For five years, the Back to Business program has been assisting job hunters like Pace use what they learn in eight weeks at Lindner to find work. Amit Raturi, professor of operations management at Lindner, founded the program with a team of Lindner professors to help those hurt by staggering job losses after an economic downturn in 2008. His commitment to help earned him a Just Community Award in 2010 for demonstrating high community values.

The Back to Business group meets for eight hours a day on four consecutive weekends at Lindner’s Blue Ash location to learn from Lindner professors who volunteer their time to lecture on everything from business analytics and marketing to risk analysis and social entrepreneurship. “It’s like taking an MBA refresher course,” says Carolyn Hauger, who enrolled in the program in 2009 after her employer downsized.

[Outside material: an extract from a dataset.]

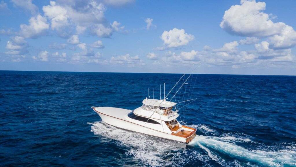 All staterooms include their own ensuite head with separate shower. The VIP stateroom forward and the guest cabin aft are both appointed with walk-around queen beds. A guest and crew stateroom are on the port side, each with upper and lower berths. The crew stateroom is immediately adjacent to the rod and tackle locker.

One of this year’s 16 professors is Lindner Dean David Szymanski, professor of marketing, who will be on hand at the last class on May 11 to teach “Contemporary Retailing Strategies.” “How many times will you see a dean of a business school do such a thing?” says Raturi, who teaches two segments on supply chain management.

Along with Szymanski, Cincinnati entrepreneur and Cincom President Tom Nies and Shailesh Jejurikar, vice president of Home Care North America, Procter & Gamble, will pass out certificates of completion and sage advice to this year’s participants during their “graduation” ceremony from 5:30 to 7:30 p.m. May 11.

The participants will then hope to transition back to the work force with confidence and refreshed skills. “I learned things that I can use in my current position and because of this, I am more valuable to my employer and our clients,” Pace says.

Each Back to Business participant pays a $500 “commitment” fee to enroll in the class, but graduates receive a full refund upon successful completion of the program. So far, every program participant has successfully earned back their fee.

Raturi believes that he and his colleagues are making a difference. “I would say that upwards of 80 percent of the people from the program are now gainfully employed,” he says.